– Я понимаю.
– Нет, не понимаете! – рявкнул Вольский, злясь пуще прежнего – на себя, на нее, на весь свет – Не понимаете, и обижаетесь.
– Аркадий Сергеевич, я медсестра – ответила Соня – Персоналу на пациентов обижаться не полагается. Ваша девушка…
Что его девушка? Очень красивая? Не может поставить капельницу? Целовала его? Должна пойти к черту, потому что я тебя люблю и знать не хочу никаких девушек? Не вовремя приехала?
– Моя девушка зря приехала, – сказал Вольский – Я просил ее остаться в Москве. Не хотел, чтобы она меня видела … Такого… Я не люблю, когда меня жалеют.
“Конечно – подумала Соня – твоя девушка слишком хороша, чтобы видеть тебя такого. Такого тебя должна видеть только я”.
– Это ваше личное дело – произнесла она вслух – Я все понимаю и не обижаюсь. Можете спокойно спать.
Это действительно было его личное дело. Но спокойно спать, пока она сидит, уткнувшись в книгу, и злится на него, Вольский не мог. Это было очень личное дело. Кажется, даже слишком личное. Он не хотел здесь никаких девушек. Он хотел, чтобы эта чертова медсестра смотрела на него по-прежнему внимательно, чтобы хмурилась, когда он стонет, поправляла подушку, чтобы жалела его, потому что никому другому он себя жалеть все равно не позволит.

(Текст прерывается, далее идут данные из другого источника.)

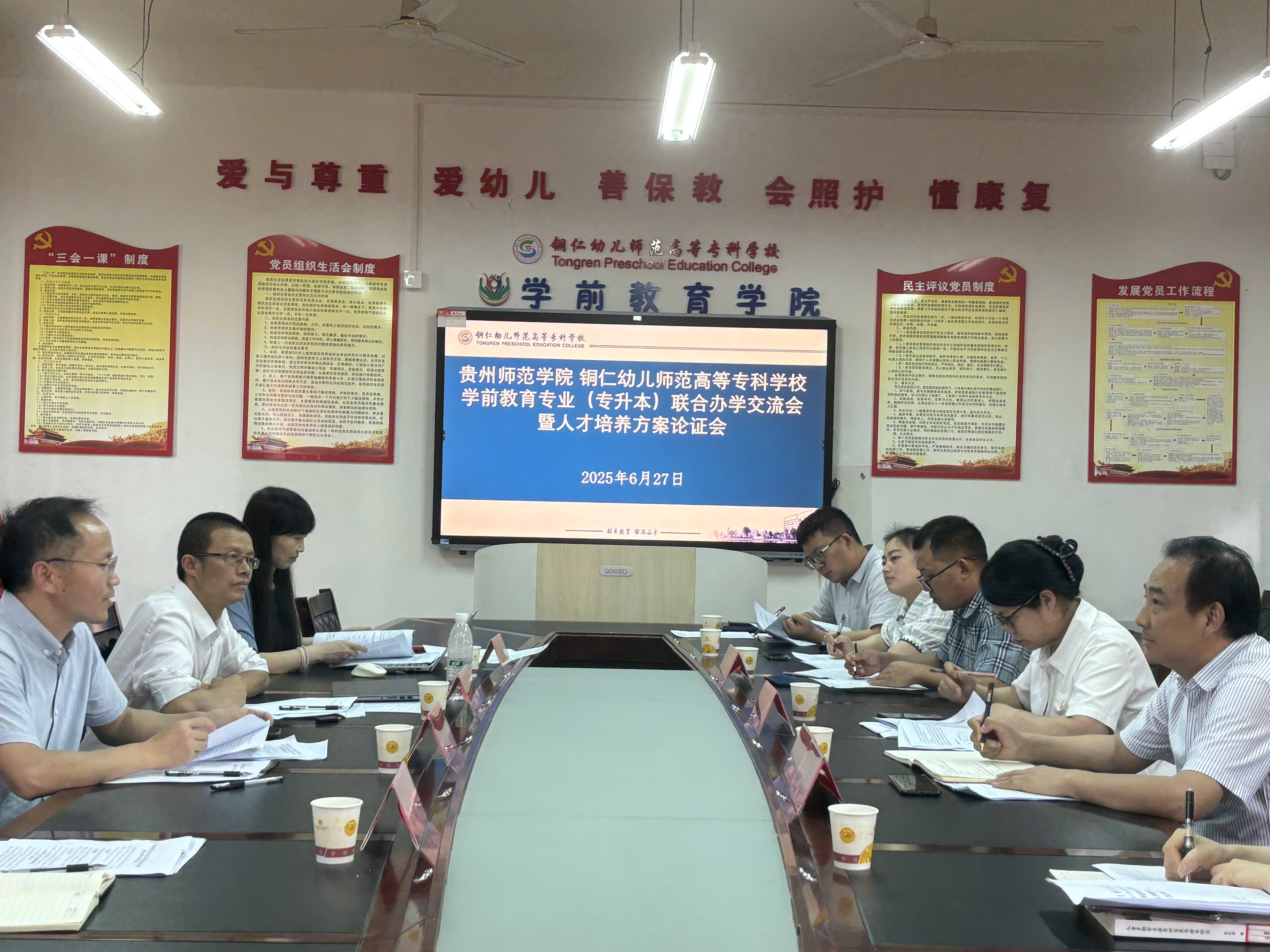 为加强校际合作,进一步深入探讨学前教育专业(专升本)联合办学模式,深化合作机制,提升人才培养质量,2025年6月27日下午,教育学校学院院长宋万琚率领教育科学学院副院长黎平辉、学前教育系系主任娄小韵、学前教育系教师李姿雨一行4人赴铜仁幼儿师范高等专科学校商讨联合办学事宜。

– Я не люблю, когда меня жалеют, – упрямо повторил Вольский – Вообще мужчину никто не должен видеть таким инвалидом. Это отвратительно. У меня вон утка под кроватью, нормально?! Вы что, считаете, утка под кроватью приводит девушек в восторг?!
– Я считаю, что если ваша девушка вас любит, ей совершенно все равно, что у вас там под кроватью.
– Вы что, правда так думаете? – спросил Вольский. Он выглядел очень удивленным. Так бывает? Кто-то может любить инвалида с уткой под кроватью?
– Я медсестра – ответила Соня.
Все правильно. Она медсестра. Поэтому ей все равно. Ее не надо стыдится, когда больно, перед ней ты можешь быть жалким, голым, беззащитным. Медсестра с прохладными руками примет тебя вот такого – переломанного, несчастного… Положит ладонь на лоб, даст попить, накроет простыней. Это ее работа. Потом Вольский поправится, и она будет хмуриться, когда стонет другой забинтованный пациент, и уже ему будет поправлять простыню, промокать стекающие по подбородку капли воды. И ей наплевать будет на Вольского, который снова останется один, снова будет играть в крутого парня, ездить в Давос, ужинать с нереальными красотками, и просыпаться в пять утра после дурного сна, зная, что у него нет никого по-настоящему близкого. Никого, кто узнал и полюбил бы его самого, такого, как есть, со всеми заскоками, страхами и глупостями. Никого, с такой белой шеей и прохладными руками.